Wednesday, May 27, 2009

Green Zombie

Ghosts are passé. Vampires have to have kung fu powers or teen angst to earn our attention. But zombies are one form of undead we've come to love more and more.


Recent zombie treatments have departed somewhat from the classic, lurching zombie archetype. For example, in Left 4 Dead, the "infected" are quite fast and have specialized abilities. But the word "zombie" continues to bring to mind the slow-moving, horde-forming, uniformly relentless flesh-eaters from the movies.


Why do such mindless monsters fascinate us so much? Ghosts and vampires at least exhibit human longing and suffering. Zombies just moan, shuffle and munch. The first Google result for "zombie fascination" leads to a page of the Zombie Survival & Defense Wiki that asks this question. One of the offered answers is that zombies reduce the world to a simple kill-or-be-killed state that society and technology, or even emotion and reason, cannot overcome.


I like this theory because of how well it explains the "bad guys," including zombies, in countless games. It doesn't matter whether you're shooting robots in Berzerk or zombies in Burn Zombie Burn; mindless, relentless, numerous targets provide run-and-gun gameplay that hasn't gone out of style.


Such games that pit one against many are, in a way, more believable when featuring zombies rather than intelligent and sophisticated enemies. You wouldn't expect the average person to last long against an army of soldiers, cyborgs, or vampires. But the slowness and stupidity of zombies give him or her a fighting chance. And maybe zombies are a more sympathetic foe. Vampires are powerful, arrogant and intelligent; zombies are clumsy, helpless, and have no idea how they got that way. On a typical day, do you feel more like the former or the latter? With their bulging eyes, green skin, and wayward limbs, zombies are even kind of cute.


Other reasons proposed on the Wiki for zombie appeal include the thrill of social upheaval and the chance to examine the meaning of life. Those are fine reasons, but I have another: zombies represent our fear of environmental threats. The root cause of a zombie problem is usually a pathogen, probably a man-made one. People are not only responsible for the genesis of the pathogen; they are also incapable of preventing its spread.


Real-world pathogens haunt our consciences because of our complacency in spreading them and our incompetence in stopping them. The Black Death spread far and quickly because of living conditions that facilitated its transmission and ignorance as to its nature. Today, confined animal feeding operations have been blamed for helping to spread the swine flu epidemic if not starting it outright. The H1N1 virus remains a concern despite advanced efforts to contain it.


Primal and uncontrollable, zombies carry out nature's wrath. They are the agents of Mother Earth, getting back at us for our environmental misdeeds. They are climate change personified, forcing us to give up our lavish and wasteful homes and lifestyles and go back to basics in order to survive. They also represent our fear of overpopulation; the resource needs of other people are so great that they may eventually eat us alive. Knowing how wasteful we have been in the West, we're worried about the teeming hordes in the East that now want cell phones and cars. We see a lifestyle-or-death struggle on the horizon pitting us, virtuous, sophisticated, and full of life, against them, barbaric, burdensome, and multiplying irresponsibly.

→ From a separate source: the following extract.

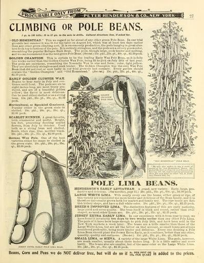| Keywords: Everything for the garden (16646094272).jpg P PETER HENDERSON A CO MEW YORK- <br> 27 <br> CLIMBING OR POLE BEANS <br> / qt to ISO hills; 10 to 12 qts to the acre la drills Cultural directions free If asked for <br> OLD HOMESTEAD This we regard as far ahead of any other green Pole Bean In our trial <br> grounds last summer it was fit for the table on August 1st which was at least ten days earlier <br> than any other green climbing sort It is enormously productive the pods hanging in great clus- <br> ters from top to bottom of the pole It is entirely stringless and the pods are a silvery green color <br> resembling the popular Refugee Bush Bean The pods though large cook tender and melting <br> and we can recommend it as the best green Pole Bean Seecut 15c plit 25c pt 40c qt 2 50 peck <br> GOLDEN CHAMPION This is certain to be the leading Early Wax Pole Bean as it is fully <br> two weeks earlier than the Golden Cluster Wax Pole being fit to pick on July 24th of last year <br> The pods are enormous resembling the Yosemite Wax in size and form ; color light yellow <br> They are absolutely stringless and cook tender The Golden Champion was the only Wax Pole <br> Bean that did not rust or spot badly in our trial grounds last summer Every garden should <br> contain the Golden Champion and Old Homestead See cut 15c pkt 25c pt 40c qt <br> 2 50 peck <br> EARLY GOLDEN CLUSTER WAX <br> Begins to bear earlj- in July and con- <br> tinues until frost The pods are six to <br> eight inches long are most freely pro- <br> duced and are of a beautiful golden <br> yellow; the flavor is most delicious <br> Can be used eitlier shelled or as a string <br> bean 15c pkt 25c pt 40c qt 2 50 <br> peck <br> Horticultural or Speckled Cranberry <br> Popular either in the green state or <br> shelled 10c pkt 20c pt 35c qt <br> S2 00 peck <br> SCARLET RUNNER A great favorite <br> both ornamental and useful Height <br> ten feet presenting dazzling scarlet <br> flowers from July to October Used <br> both as a string bean and shelled <br> Seeds when ripe lilac mottled black <br> 10c pkt 20c pt 35c qt 2 00 peck <br> German Wax Pole One of the best <br> varieties either for snaps Or shelled in <br> the green state 10c pkt 20c pt 35c <br> qt 2 00 peck <br> JERSEY EXTBA EARLY POLE LIMA BEAN <br> OLD HOMESTEAD POLE BEAN <br> My wife also wishes to say a word of n <br> praise of the Old Homeste \d' Beans She <br> picked the first on July T-id and they are still s <br> bearing Oct 8th and everybody pronounced 0 <br> them fine and want no other - D Post- U <br> ELL Church Hill Pa m <br> POLE LIMA BEANS <br> HENDERSONS EARLY LEVIATHAN A grand new variety Early large pro- <br> ductive and delicious See novelties page 11 20c pkt 35c pt 60c qt 4 00 peck <br> LARGE WHITE LIMA With nearly every one the beans either green or ripe of <br> this variety are considered the most tender and d 4icious of the Bean family and it is <br> therefore universally grown both for market and family use The ripe beans are flat- <br> tish kidney shape and have a dull white color 10c pkt 20c pt 35c qt 2 25 peck <br> DREER'S IMPROVED LIMA The distinctive features of this are early maturity <br> large yield and extra quality The bean itself is thick and round rather than oval- <br> shaped as most other Limas are 10c pkt 20e pt 35c qt S2 25 peck <br> JERSEY EXTRA EARLY LIMA In our experience with it from year to year we <br> have found it invariably ten days to twro weeks earlier than any other Pole Lima <br> The pods of it have been large enough to pick July 24th and have been sold in the <br> New Yoik mai'kets a week later The beans are a trifle smaller than those of the <br> Large Wliite Lima but are all the better on that account as small beans are always <br> considered preferable being more tender and delicious Every one desiring a Pole <br> Lima Bean should plant the Jersey Extra Early as it combines better than any other <br> quantity quality and earliness See cut 15c pkt 25c pt 40c qt SioO peck <br> SMALL LIMA or SIEVA A variety of the large White Lima The pods however <br> are much smaller usually about three Inches long It is a little earlier and more <br> hardy The beans also are smaller but of the same color as the Large White Lima <br> 10c pkt 20c pt 35c qt 2 25 peck <br> Beans Corn and Peas we do NOT deliver free but will do so if fS f 'PART »§ a Jded to the prices 42383136 133997 66553 Page 27 Text http //www biodiversitylibrary org/page/42383136 1902 10 5962/bhl title 66553 Henry G Gilbert Nursery and Seed Trade Catalog Collection ; Peter Henderson Co NameFound Limas NameConfirmed Limas NameBankID 4220815 Biodiversity Heritage Library Everything for the garden 1901 Garden Stories Catalogs Flowers Peter Henderson Co Plants Ornamental Seed industry and trade Seeds Trade catalogs Vegetables U S Department of Agriculture National Agricultural Library bhl page 42383136 dc identifier http //biodiversitylibrary org/page/42383136 BHLinbloom bhlGardenStories peter henderson co plants ornamental u s department of agriculture national agricultural library bhlinbloom bhlgardenstories Information field Flickr posted date ISOdate 2015-02-25 Check categories 2015 August 24 CC-BY-2 0 BioDivLibrary https //flickr com/photos/61021753 N02/16646094272 2015-08-24 22 55 33 cc-by-2 0 PD-old-70-1923 Everything for the garden 1902 Photos uploaded from Flickr by Fæ using a script |

However, the earth has a way of reestablishing balance. If humanity becomes overwhelmed by zombiekind, other living organisms won't necessarily sit on the sidelines. The game Plants vs. Zombies offers hope that nature can correct a calamity as terrible as a zombie plague. If climate change is Mother Earth's attempt to reclaim what we've taken from other species, then Mother Earth may intervene on our behalf when a threat become too great for us to handle.


Writing this post has helped me understand our fascination with zombies. By being such primitive and primal reflections of us, they offer an intriguing perspective on our nature and environment. Like a devoted zombie fan, though, I am probably overthinking it. Zombies might represent an environmental problem much simpler than what I've raised above. We're pushing the capacities of our cemeteries, our "human landfills," and the dead just want a more sustainable place to rest.